Review of Midnight

Midnight (1939)
8/10
often hilarious story with some familiar themes
13 September 2005
Claudette Colbert wanders around Paris broke and in gold lame in "Midnight." She meets a cab driver and, finding herself attracted to him, she takes off. While he's organizing a city-wide cabbie search for her, she's at a private party and winds up at the Ritz as Baroness Czerny - which is his last name, chosen by her in a moment of panic. She is backed in all her lies by John Barrymore, in a wonderfully funny performance, who wants her to woo his wife's boyfriend away from her.

There are some familiar themes at work here - one is the suitor for hire and/or opportunity, used (with variations, of course) in "Her Cardboard Lover" and "Palm Beach Story," "Mannequin," and the affable, unambitious man who feels that by having nothing, he has everything, such as in "Magnificent Dope" and "You Can't Take it With You." That's the Ameche character. Knowing she could fall for him sends Colbert running - just as she ran from Joel McCrea in "Palm Beach Story." This hunger for money in some characters (usually women) and loathing of it (usually men) is a strange dichotomy than runs through several post-Depression, pre-war films.

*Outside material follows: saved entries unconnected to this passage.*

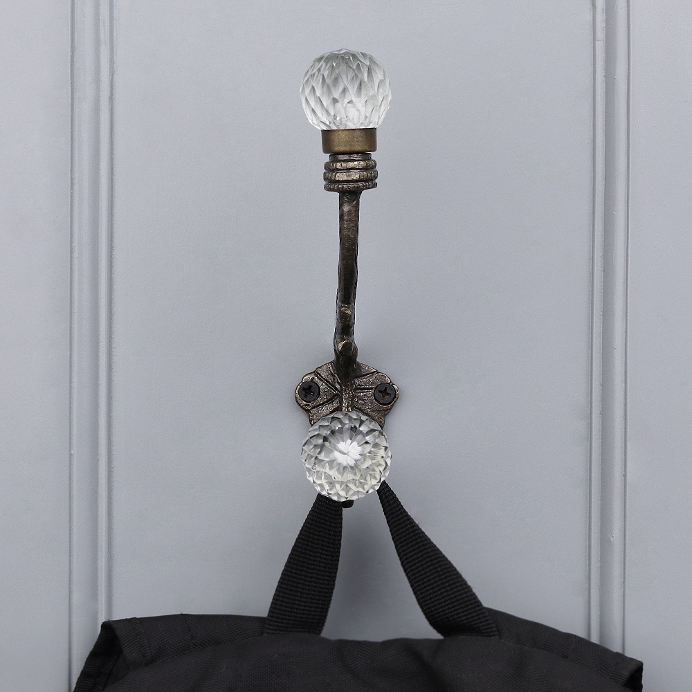 • Clear Glass Round Iron Heavy Duty Wall Hook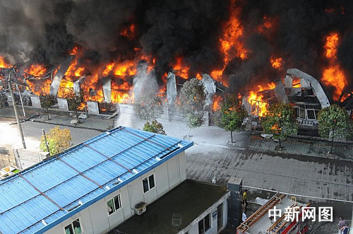 中新網(wǎng)溫州7月19日電(記者 江耘 通訊員 徐行號(hào) 姜嬋娟 劉榮平) 2009年7月19日10時(shí)55分許,浙江溫州龍灣區(qū)農(nóng)業(yè)開發(fā)區(qū)文匯路19號(hào)的愛好筆業(yè)倉(cāng)庫(kù)發(fā)生火災(zāi)。記者發(fā)稿時(shí),大火已經(jīng)燒了7個(gè)小時(shí),過火面積約達(dá)3000平方米,200余名消防官兵依舊無法徹底降伏火魔。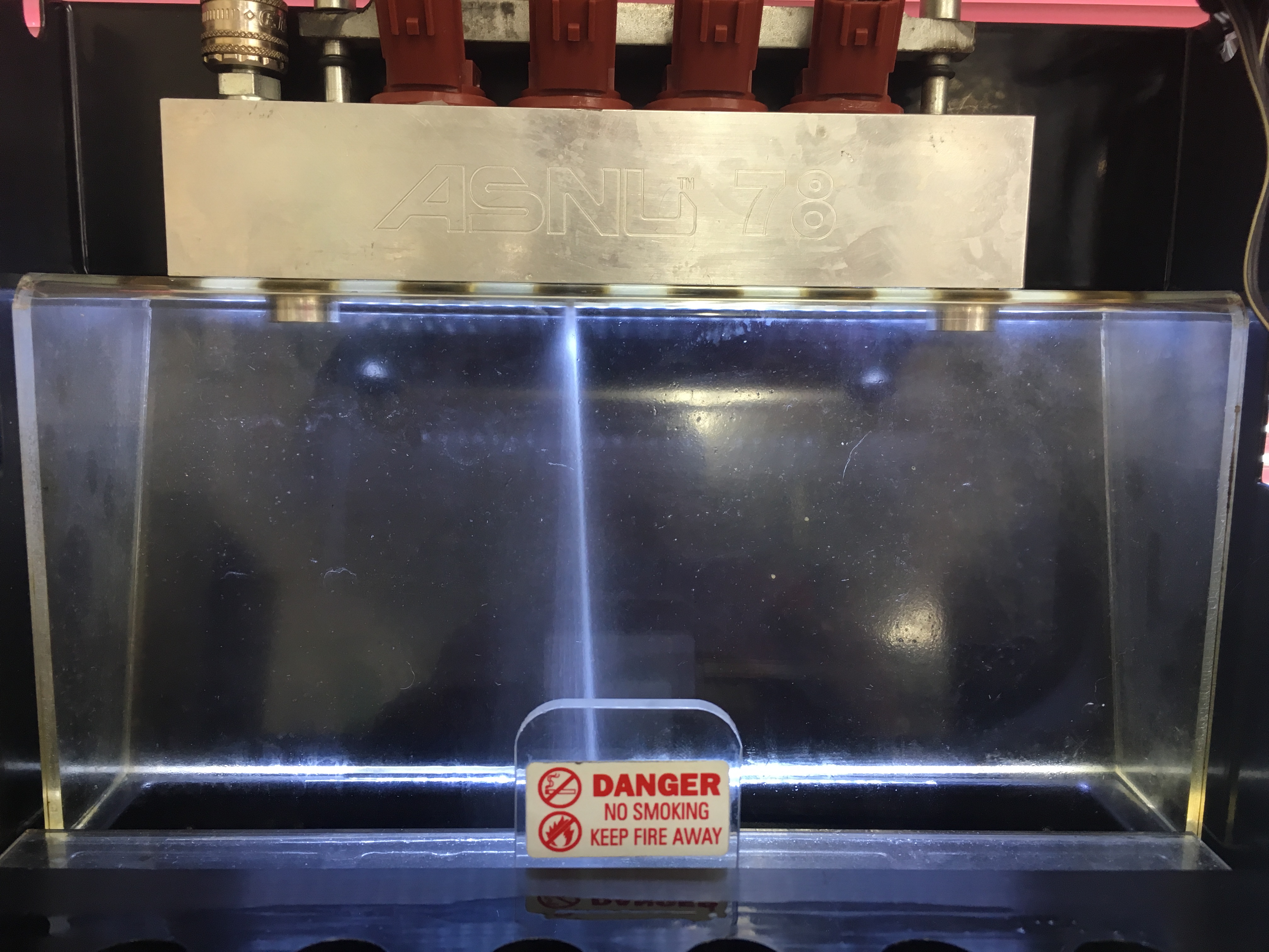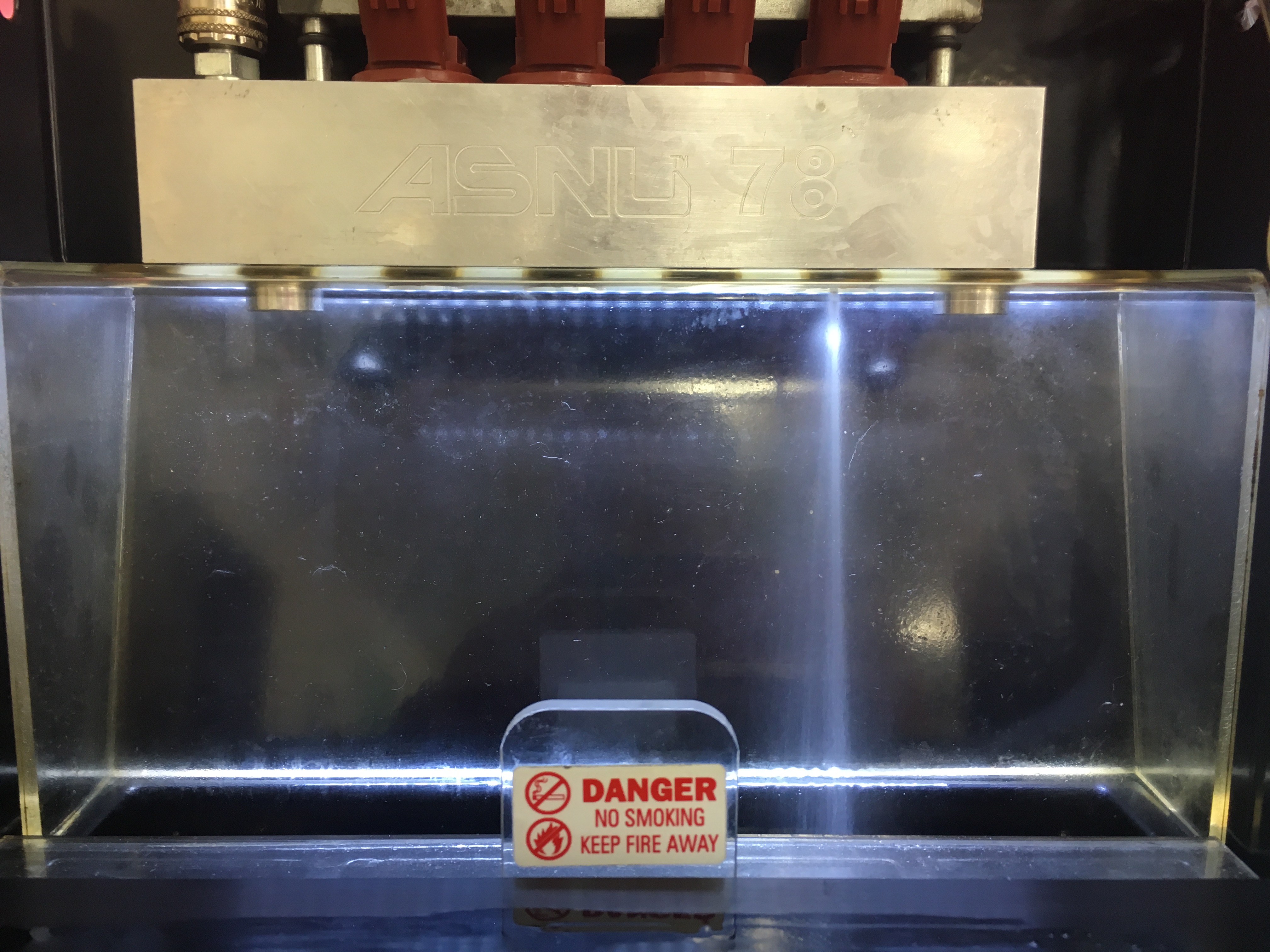 SRエンジンに使うサイドフィードタイプインジェクターの噴射状態です。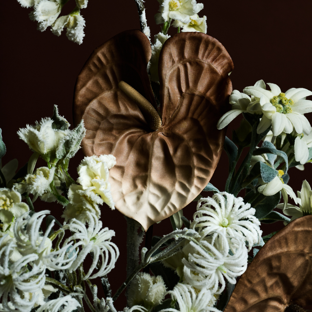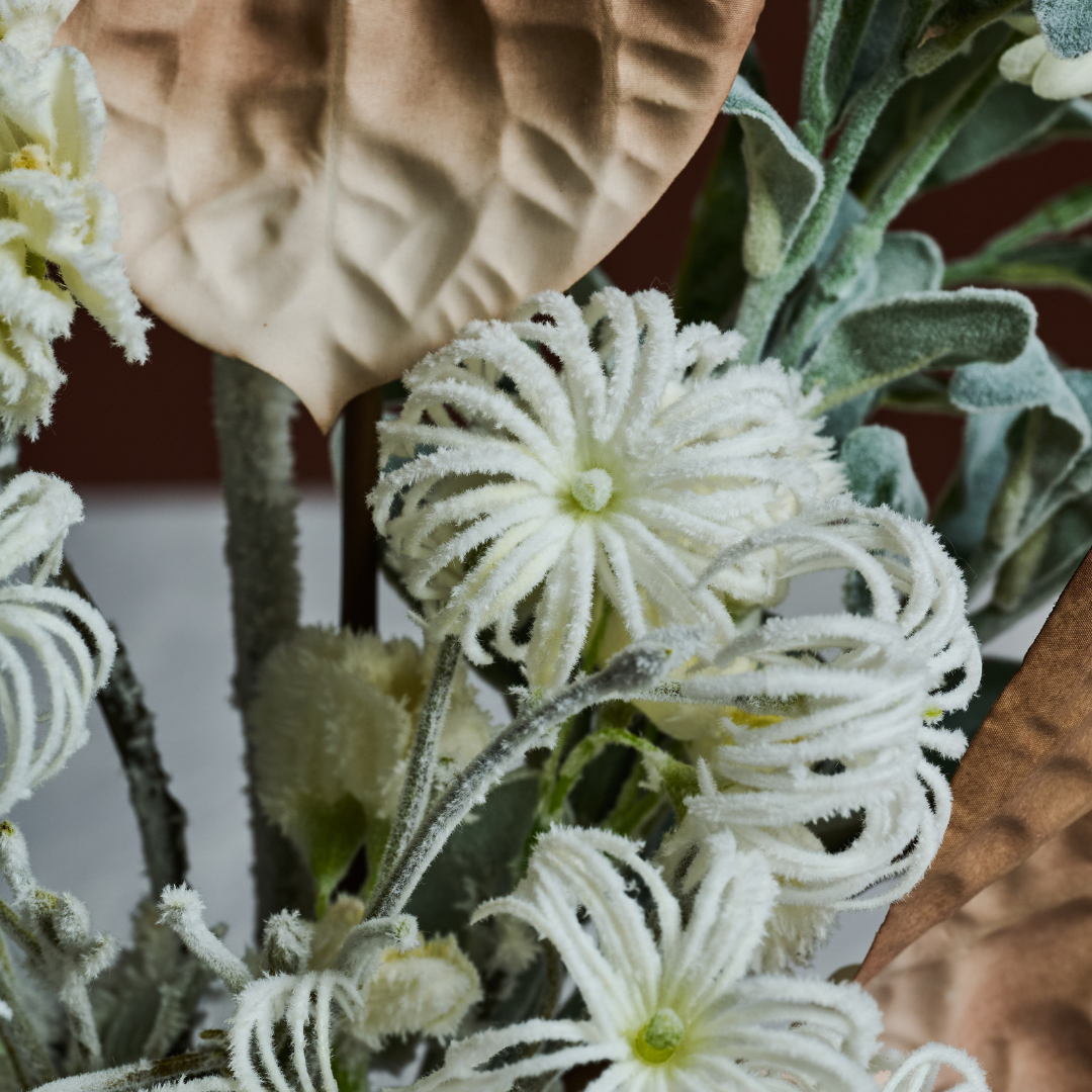Très grande tige de clématite enneigée qui s'intègre parfaitement dans un intérieur coloré et chaleureux. Idéale comme décoration de Noël. Peut être pliée et disposée pour orner un sapin.

The handsome Czech leading man, Francis Lederer, plays Mary Astor's boyfriend who falls for Colbert. In 1929, when he made a film in Germany with Louise Brooks, Lederer couldn't speak a word of English. He lived to be nearly 101 and in his last years, taught at the American National Academy of Performing Arts, which he and his wife founded.

The funniest scene to me was a phone conversation between Barrymore and Colbert, in which she pretends she's talking to her sick daughter. But everyone is great in this movie, which is very funny and refreshing.